YOUR OBJECTIVE
Copy the data exactly. Images are the one exception.

[Dataset items]
┌────────

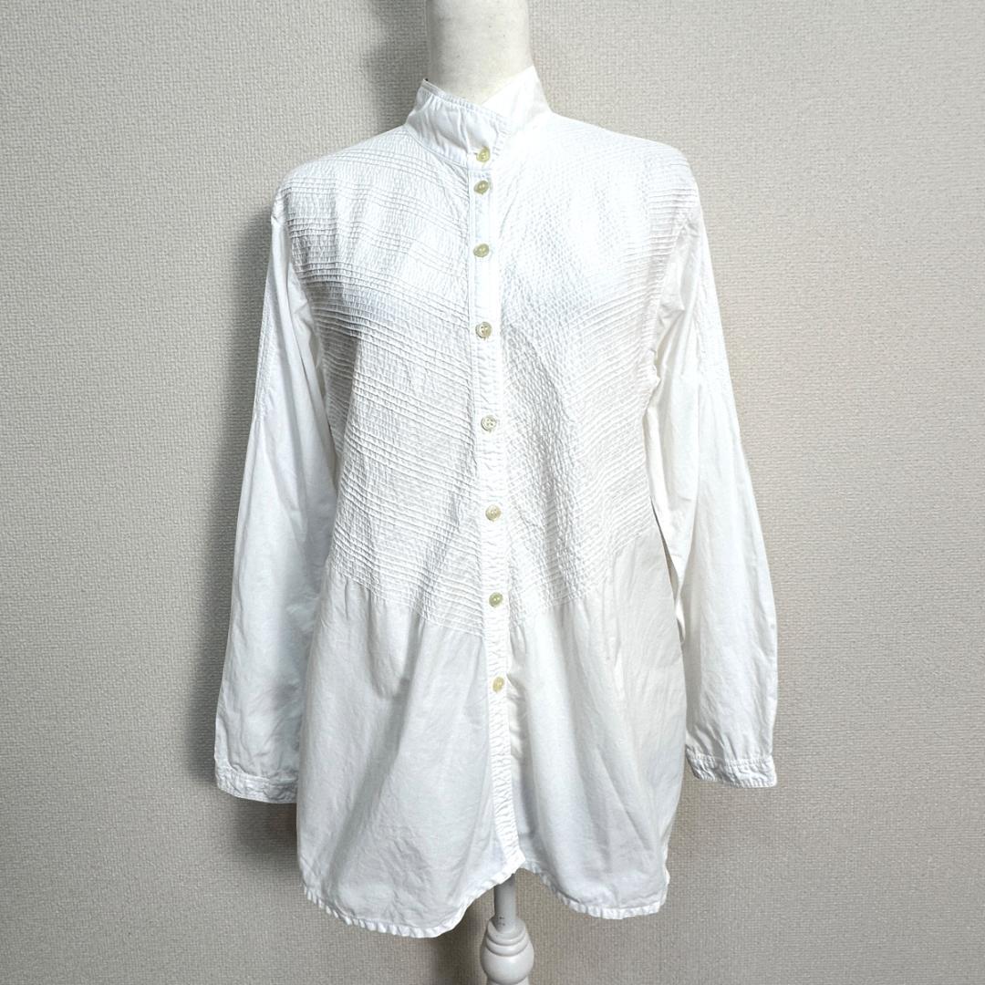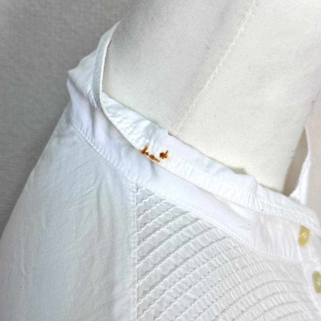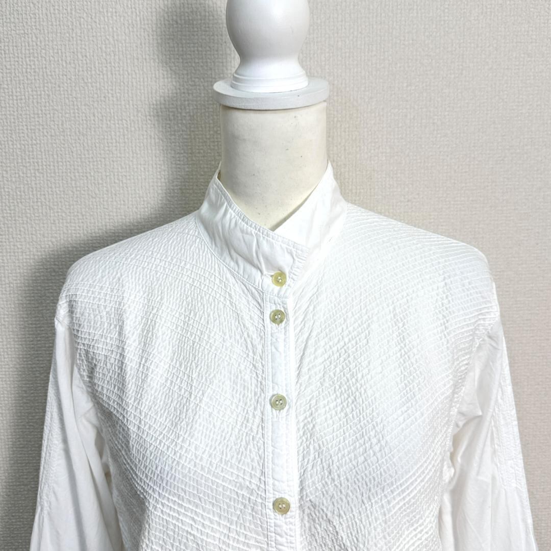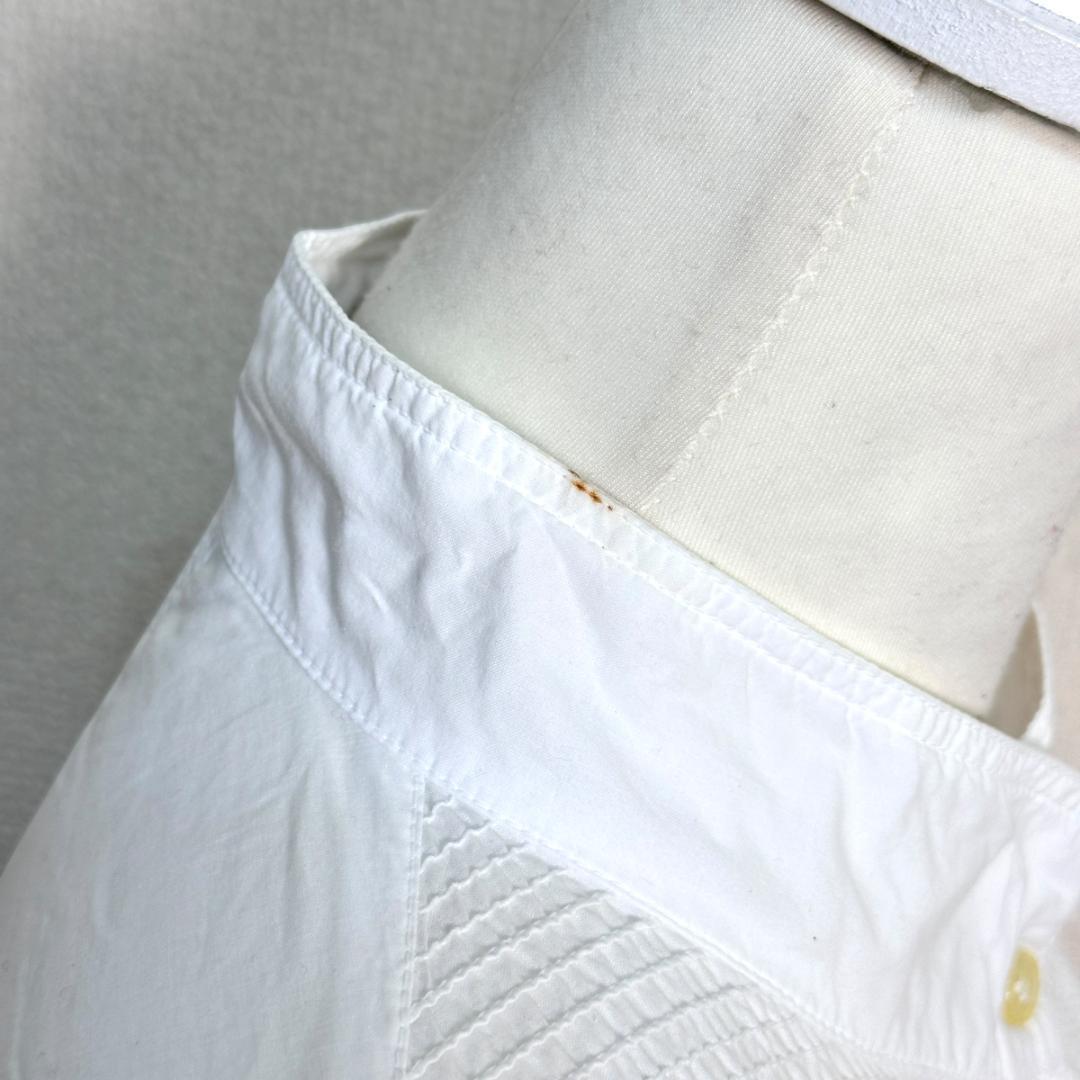 YACCO MARICARD(ヤッコマリカルド)のホワイトシャツです。立体感のある生地使いと、シンプルながら個性を感じさせるデザインが特徴。白シャツながら表情があり、1枚で着ても存在感のあるアイテムです。サイズ表記は3で、程よくゆとりのあるシルエット。※所々に汚れが見られますが、着用には支障のない範囲と考えられ、古着としてご理解いただける方におすすめです。
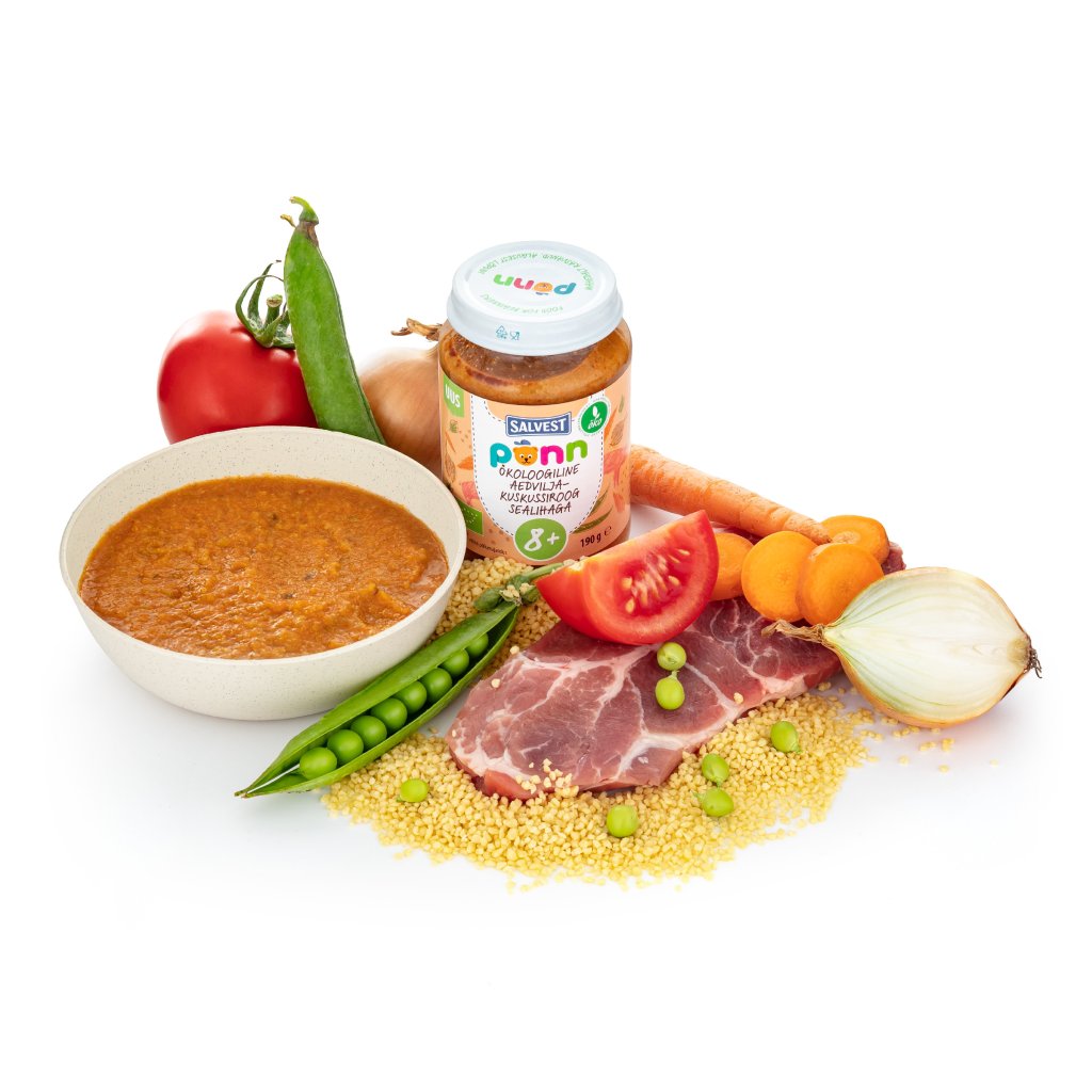 SALVEST Põnn BIO Sertéshús kuszkusszal és zöldséggel (190 g), exp. 4.4.2026
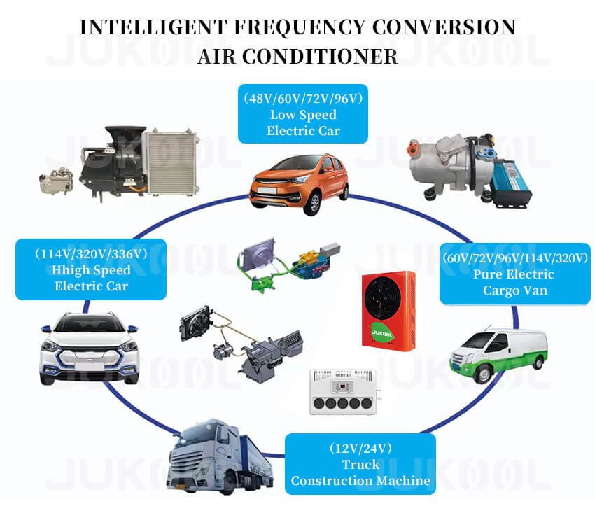 Los automóviles eléctricos y el aire acondicionado JUKOOL tienen diferentes modelos y tipos de condensadores, interruptores de aire acondicionado, compresor eléctrico y conjunto de evaporador HVAC como opciones.
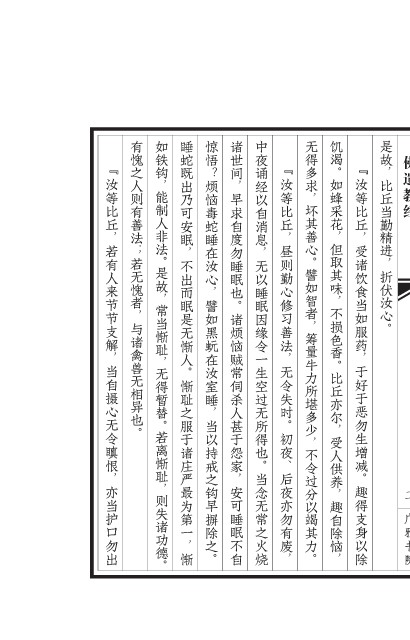 有愧之人则有善法;若无愧者,与诸禽兽无相异也。 是故, 能制人非法。 如铁钩, 常当惭耻, 则失诸功德。 若离惭耻, 无得暂替。 出 不 眠, 而 无 是 眠 既 蛇 睡 出 安 可 乃 惭 最 严 庄 为 惭 一, 第 耻 惭 人。 之 诸 于 服 心, 汝 在 黑 如 譬 睡 烦 悟? 惊 蛇 毒 恼 人 杀 于 甚 贼 恼 伺 常 眠 睡 自 不 家, 怨 可 安 早 求 自 诸 世 间, 度 也。 诸 烦 勿 睡 眠 睡 以 无 眠 令 缘 因 息, 诵 夜 中 经 消 自 以 无 念 当 常 烧 火 之 也。 空 生 一 过 得 所 无 坏其善心。 无得多求, 譬如智者, 不令过分以竭其力。 筹量牛力所堪多少, 但取其味, 如蜂采花, 饥渴。 不损色香。 趣自除恼, 受人供养, 比丘亦尔, 是故,比丘当勤精进,折伏汝心。
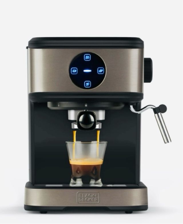 Detalles del productoCafetera eléctrica Black & Decker BXCO850E con acabado en inoxidable y negro. Tiene 20 bares de presión y una potencia de 850 W. Cuenta con sistema antigoteo, boquilla de vapor y sistemas Preinfusión y Extra Cream. Medidas: 27 x 29 x 20,5 (ancho x alto x fondo).
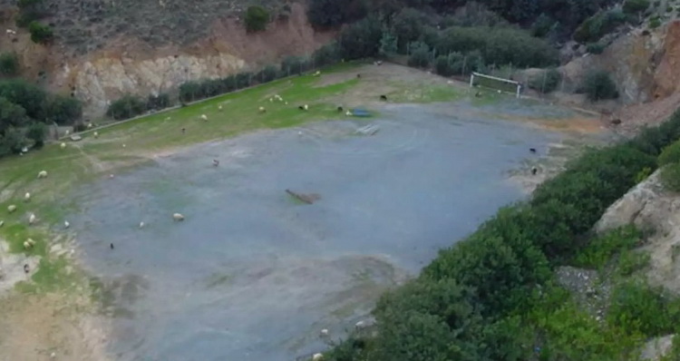 Ένα γήπεδο σκέτη απόλαυση στην ορεινή Κρήτη για τα πρόβατα που πάτησαν και έφαγαν το γρασίδι του. Το εμφανώς εγκαταλελειμμένο και αποψιλωμένο από τα αμνοερίφια γήπεδο, έχει μετατραπεί σε ένα πρώτης τάξεως «μεζεδοπωλείο» για τα συμπαθή τετράποδα. Σύμφωνα με όσα ανέφερε στο cretapost o δημιουργός του βίντεο και εικονολήπτης, Νίκος
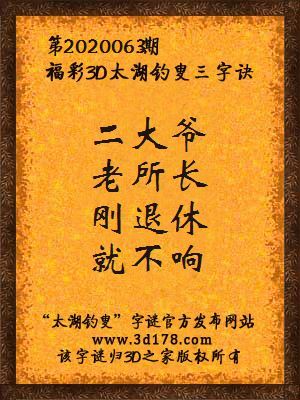 福彩第2020063期3d太湖字谜:二大爷,老所长,刚退休,就不响

└────────

YOUR SOLUTION
 YACCO MARICARD(ヤッコマリカルド)のホワイトシャツです。立体感のある生地使いと、シンプルながら個性を感じさせるデザインが特徴。白シャツながら表情があり、1枚で着ても存在感のあるアイテムです。サイズ表記は3で、程よくゆとりのあるシルエット。※所々に汚れが見られますが、着用には支障のない範囲と考えられ、古着としてご理解いただける方におすすめです。
 SALVEST Põnn BIO Sertéshús kuszkusszal és zöldséggel (190 g), exp. 4.4.2026
 Los automóviles eléctricos y el aire acondicionado JUKOOL tienen diferentes modelos y tipos de condensadores, interruptores de aire acondicionado, compresor eléctrico y conjunto de evaporador HVAC como opciones.
 有愧之人则有善法;若无愧者,与诸禽兽无相异也。 是故, 能制人非法。 如铁钩, 常当惭耻, 则失诸功德。 若离惭耻, 无得暂替。 出 不 眠, 而 无 是 眠 既 蛇 睡 出 安 可 乃 惭 最 严 庄 为 惭 一, 第 耻 惭 人。 之 诸 于 服 心, 汝 在 黑 如 譬 睡 烦 悟? 惊 蛇 毒 恼 人 杀 于 甚 贼 恼 伺 常 眠 睡 自 不 家, 怨 可 安 早 求 自 诸 世 间, 度 也。 诸 烦 勿 睡 眠 睡 以 无 眠 令 缘 因 息, 诵 夜 中 经 消 自 以 无 念 当 常 烧 火 之 也。 空 生 一 过 得 所 无 坏其善心。 无得多求, 譬如智者, 不令过分以竭其力。 筹量牛力所堪多少, 但取其味, 如蜂采花, 饥渴。 不损色香。 趣自除恼, 受人供养, 比丘亦尔, 是故,比丘当勤精进,折伏汝心。
 Detalles del productoCafetera eléctrica Black & Decker BXCO850E con acabado en inoxidable y negro. Tiene 20 bares de presión y una potencia de 850 W. Cuenta con sistema antigoteo, boquilla de vapor y sistemas Preinfusión y Extra Cream. Medidas: 27 x 29 x 20,5 (ancho x alto x fondo).
 Ένα γήπεδο σκέτη απόλαυση στην ορεινή Κρήτη για τα πρόβατα που πάτησαν και έφαγαν το γρασίδι του. Το εμφανώς εγκαταλελειμμένο και αποψιλωμένο από τα αμνοερίφια γήπεδο, έχει μετατραπεί σε ένα πρώτης τάξεως «μεζεδοπωλείο» για τα συμπαθή τετράποδα. Σύμφωνα με όσα ανέφερε στο cretapost o δημιουργός του βίντεο και εικονολήπτης, Νίκος
 福彩第2020063期3d太湖字谜:二大爷,老所长,刚退休,就不响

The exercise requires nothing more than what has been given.